In America, the Congress had passed the ‘Dietary Supplement Health and Education Act’ in 1994. This act allows ‘functional claims’ to dietary supplements, like “Vitamin A promotes good vision” or “St. Johns Wort maintains emotional well-being”, as long as the product label contains a specific disclaimer that the FDA has not evaluated the said claim and that the product concerned is not intended to diagnose, treat, cure or prevent disease.

The above Act bestows some important responsibility on to the doctors, who are required to provide specific and accurate scientific information for nutraceutical products to their patients. This process assumes critical importance, as the patients would expect the doctors to describe to them about the usefulness of nutraceutical products as alternatives to approved drugs. In such cases, if any doctor recommends a dietary supplement instead of pharmaceutical products, the doctor concerned must be aware of the risk that the patient’s health may suffer, for which the affected patient could sue the doctor for malpractice.

Indian Health Ministry should take note of these points for ethical promotion of nutraceuticals in India.

Sanofi considered nutraceuticals as a business opportunity in India:

So far in India, Sanofi is the only Pharma MNC that has entered into nutraceuticals business in a big way. Sniffing the market opportunity in this segment, the French major acquired the nutraceuticals business of Universal Medicare Private Ltd of worth Rs.110 Crore, in August 2011. The nutraceuticals product portfolio of Universal Medicare included more than 40 brands from cod liver oil capsules, vitamins/mineral supplements and antioxidants to liver tonics.

Ambivalence of Pharma MNCs:

According to A.T. Kearney report, unlike food industry, the global pharma industry has approached nutraceuticals with a ‘great deal of ambivalence’.

Pfizer and Novartis have sold their nutrition businesses.While the same Pfizer that sold Wyeth Nutrition to Nestle, invested an undisclosed sum to acquire Danish vitamins company Ferrosan and the dietary supplements manufacturer of the United States, Alacer, reinforcing what was already a billion-dollar business enterprise.

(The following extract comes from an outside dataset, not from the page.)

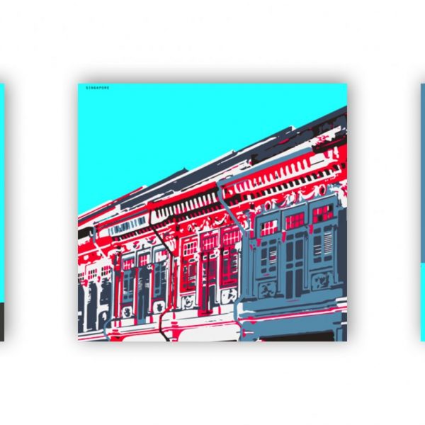 This lovely set in pastel colours is a tribute to the beautiful old buildings of Singapore.

On the other hand GlaxoSmithKline (GSK) and Novartis have recently announced a joint venture for consumer products business, which could probably be a stepping-stone to get into nutraceuticals. Who knows?

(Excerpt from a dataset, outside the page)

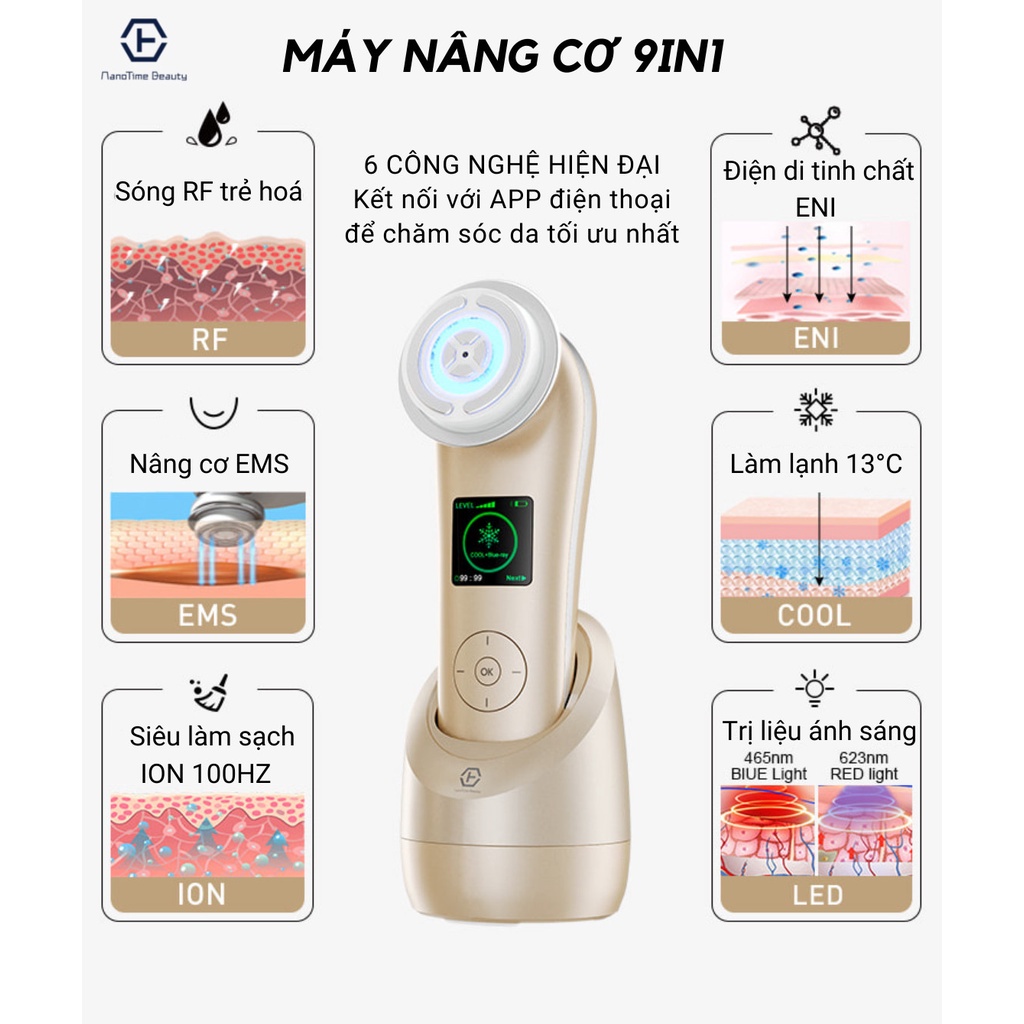 Máy nâng cơ mặt đẩy tinh chất trẻ hóa da Nanotime F81E HT Beauty, máy massage chăm sóc da bằng sóng RF Photon kết nốiapp

Food companies leading nutraceuticals business:

The A.T. Kearney report also states that at present the food companies, and not the pharma players, are in the lead, accounting for about 90 percent of nutraceuticals sales with expertise in branding, consumer market expertise and access to mass distribution channels.

A few consumer companies have also inked partnership with pharma companies. For example, Coca-Cola and Sanofi have partnered to sell health drinks in French pharmacies.

Conclusion:

Nutraceuticals business, as many believe, is an emerging opportunity in the ‘Gray Area’ between pharmaceuticals and nutritional product classes. So far, the food companies have been charting this frontier that remained uncharted by a large majority of the pharma players. This is mainly because the success requirements for nutraceutical products, including dietary supplements, are quite different.

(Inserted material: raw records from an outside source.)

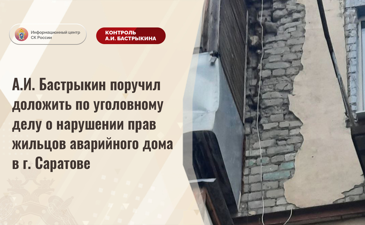 А.И. Бастрыкин поручил доложить по уголовному делу о нарушении прав жильцов аварийного дома в г. Саратове
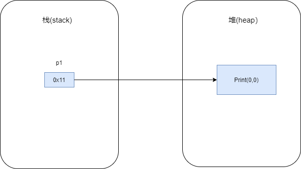 我们要注意到,在堆中的对象 Print(0,0) 并没有发生改变,改变的只有引用 p1 指向的地址。
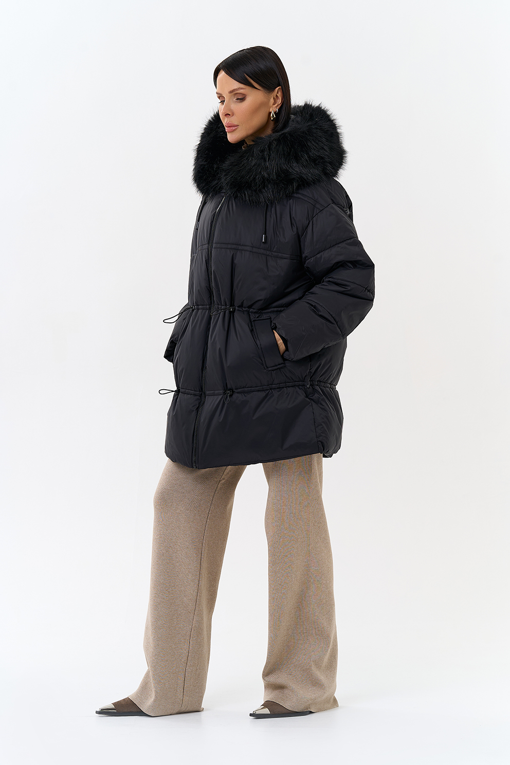 Крой воротника - капюшон, отделка искусственный мех
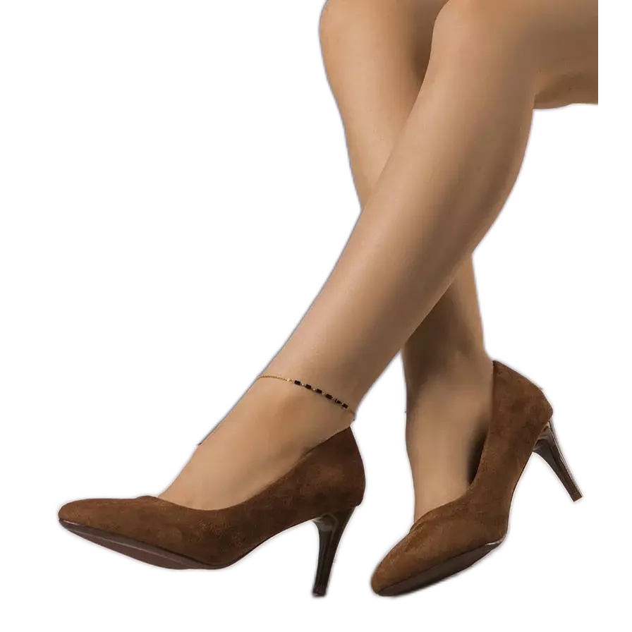 Stylové a elegantní lodičky Amille na jehle v hnědé barvě budou perfektním doplňkem šatníku každé ženy. Model PA1 označený číslem YES-2888-2 se vyznačuje klasickým designem a vysokou kvalitou zpracování. Vyrobeny z ekologické semišové kůže zajišťují pohodlí při nošení a mandlová špička dodává jemnost.

That said, a transparent and well-charted regulatory pathway for nutraceuticals, especially for formulations with therapeutic claims, would have a significant impact on its future growth potential in India.

Many nutraceutical products in the country with specific therapeutic claims do not seem to have supporting robust clinical data, leave aside being peer reviewed and published in the reputed international journals on the claims for safety or efficacy.

The entry of one of the global majors, Sanofi, having a clear focus on Evidence Based Medicines (EBM), ushers in a new hope and promise to get the loose knots tightened in this important area, while driving the business growth of the category.

Just as EBM, scientific ‘Evidence Based Nutraceuticals (EBN)’ with therapeutic claims, should be the centerpiece of consumer confidence and interest in this emerging niche of healthcare business in India.

By: Tapan J. Ray

Disclaimer: The views/opinions expressed in this article are entirely my own, written in my individual and personal capacity. I do not represent any other person or organization for this opinion.